I found myself at 6 p.m. Sunday night having not started dinner. Ok, I said, looks like I have no choice but to follow the recipe. So I did. I chopped and cooked the pork, along with the fennel and onions, in the dutch oven on the stove top according to the directions. Other than doubling the recipe to have leftovers and substituting red wine vinegar for cider vinegar, I followed all the directions explicitly.

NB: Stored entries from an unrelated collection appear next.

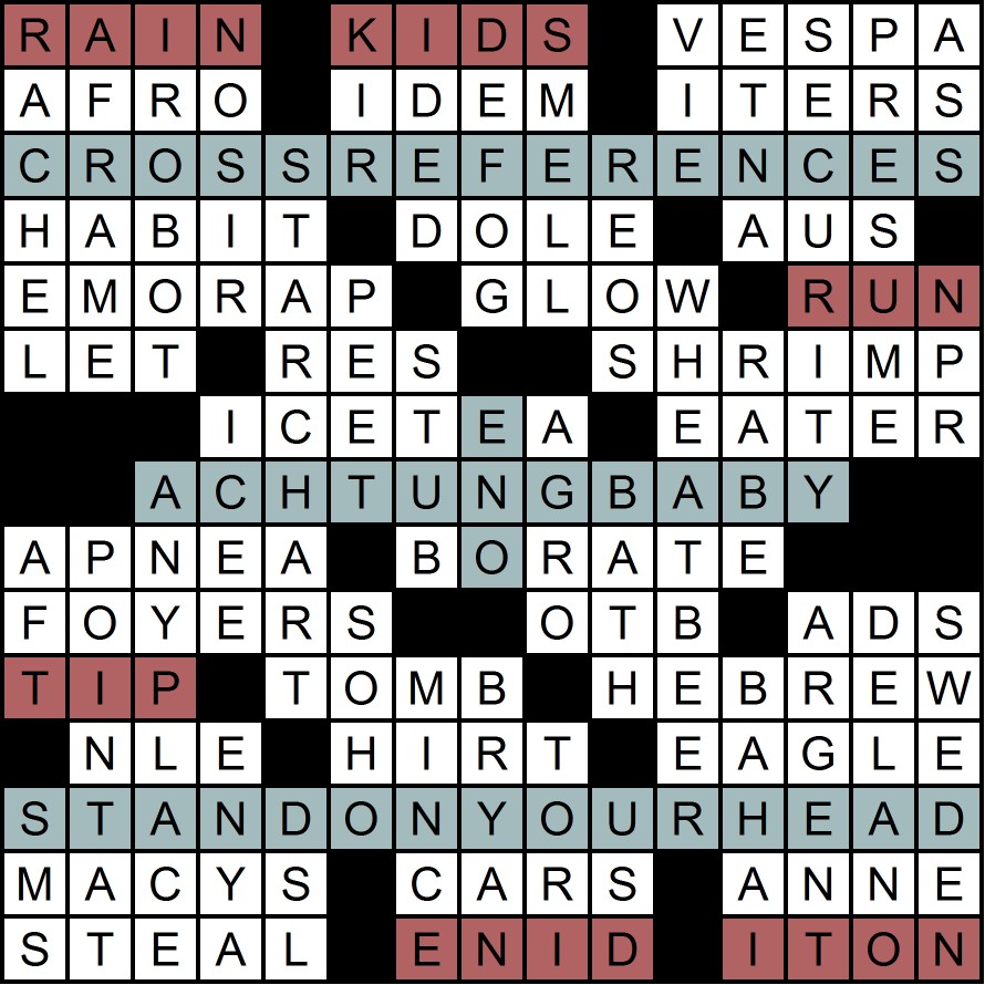 The final puzzle provided another path to the answer. The central entry was the seminal U2 album ACHTUNG BABY, intersected by one of the album’s producers, Brian ENO. The final “way to corroborate the mega-meta answer” was to STAND ON YOUR HEAD, turning ENO upside down to get (what else?) ONE by U2, which is the answer to the mega-meta.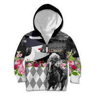 Kentucky Racing Horses Derby Hat Lady Kid Hoodie Churchill Downs and Roses Grayscale LT03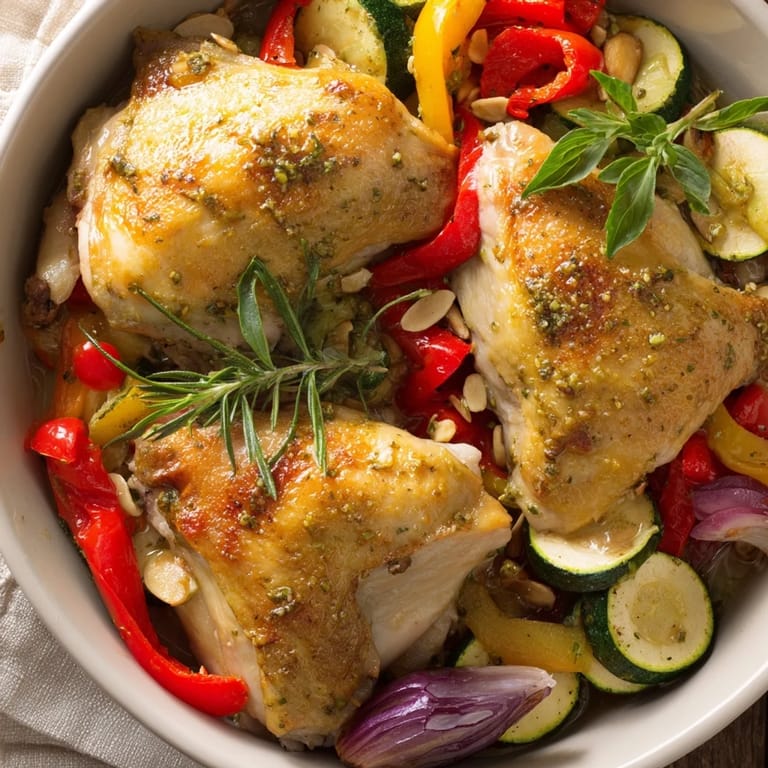 Save to Pinterest A vibrant, herbaceous weeknight dinner featuring tender chicken and roasted vegetables, all bathed in a zesty basil-lemon marinade. Perfect for a simple, one-pan meal with minimal cleanup.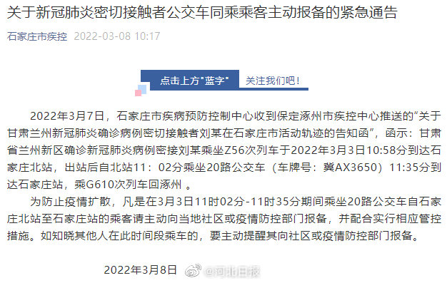 【#一密接者曾在石家庄乘坐20路公交车#,同乘乘客请主动报备】2022年3月7日,石家庄市疾病预防控制中心收到保定涿州市疾控中心推送的“关于甘肃兰州新冠肺炎确诊病例密切接触者刘某在石家庄市活动轨迹的告知函”,函示:甘肃省兰州新区确诊新冠肺炎病例密接刘某乘坐Z56次列车于2022年3月3日10:58分到达石家庄北站,出站后自北站11:02分乘坐20路公交车(车牌号:冀AX3650)11:35分到达石家庄站,乘G610次列车回涿州 。 为防止疫情扩散,凡是在3月3日11时02分-11时35分期间乘坐20路公交车自石家庄北站至石家庄站的乘客请主动向当地社区或疫情防控部门报备,并配合实行相应管控措施。如知晓其他人在此时间段乘车的,要主动提醒其向社区或疫情防控部门报备。来源|石家庄市疾控[编辑|李硕]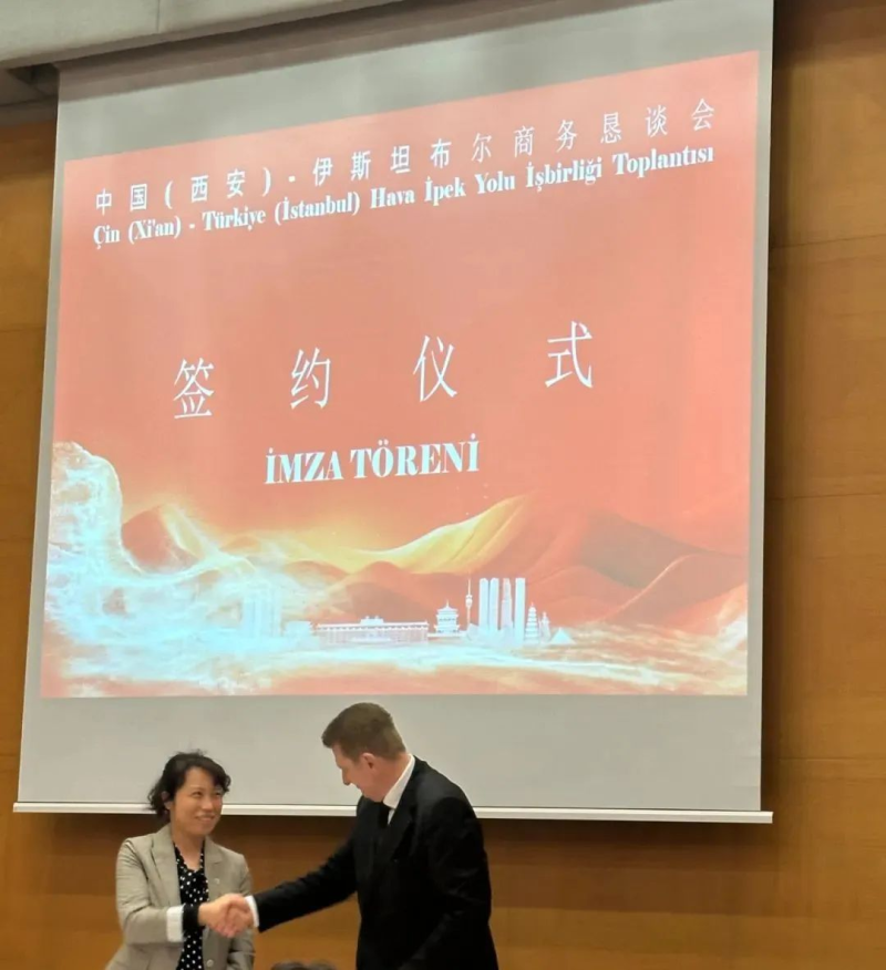 土耳其时间5月20日下午,在土耳其伊斯坦布尔当地的中国(西安)·伊斯坦布尔商务恳谈会上,西安湄南生物科技股份有限公司(以下简称“湄南高科”)与Galaxy International Group Ic Ve Dis Dic.Ltd.Sti.(以下简称Galaxy International)正式签署了总金额高达1亿元人民币的沙漠治理及防水工程的项目订单。双方的合作迈出了坚实的一步,为两国的经济发展带来新的活力。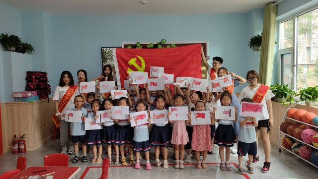 为帮助孩子们更好地了解党史,志愿者积极查阅书籍、收集影像,将党史知识转换成通俗易懂的小故事,和小孩子们一起回顾党的发展历程,分享党的光辉历史,引导小孩子们知党爱党,并采用绘画的方式调动孩子们的兴趣。志愿者为孩子们分发纸张、笔、油画棒等画画工具,在绘画过程中,孩子们放飞思想,大胆用色,尽情创意。志愿者则站在身旁,给孩子们提供足够的创作空间并恰当的进行引导,他们以纯洁的心灵、淳朴的感情和对真善美的感悟表达了对党的热爱。经过近一个小时的绘画,每个孩子都收获了一幅精美的作品,得到了志愿者和老师的表扬。志愿者还为小朋友们播放了红色革命歌曲,并与大家一起跟唱,共同领略革命精神,感悟革命情怀。
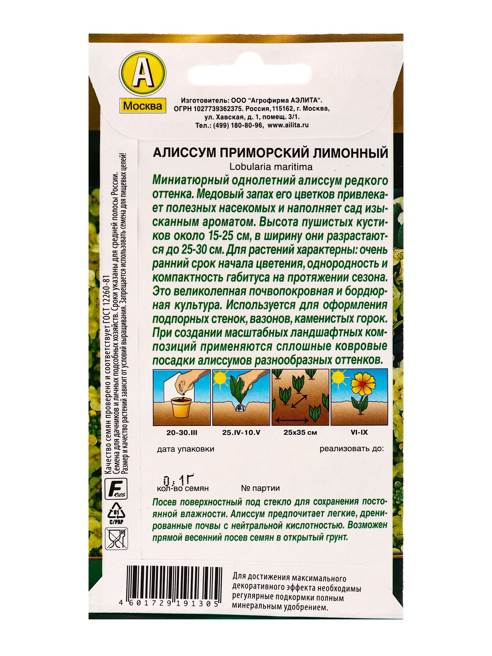 Семена цветов Алиссум приморский Лимонный Золотая серия, Ц/П,0.1 г, Агрофирма АЭЛИТА, Россия

What do you get when you cook chopped pork shoulder for 30 minutes? Not juicy meat that’s falling apart. You get tough meat with huge pockets of fat that have not broken down. *Sigh*. If that wasn’t enough, despite all the spices and the strong fennel which sounded delicious, the pork turned out rather unflavorful. I can’t really fault Cooking Light. No one’s perfect. For every hundred amazing recipes, there’s got to be one that slips through the cracks that’s not so great.
Point being: I will not pass on this recipe, but I will pass on the tips I learned.
- Read the directions before you commit to a recipe and spend $15 on seven pounds of pork shoulder. Sure, I disregard recipe directions all the time, but you can’t disregard them until you’ve read them. Rookie mistake!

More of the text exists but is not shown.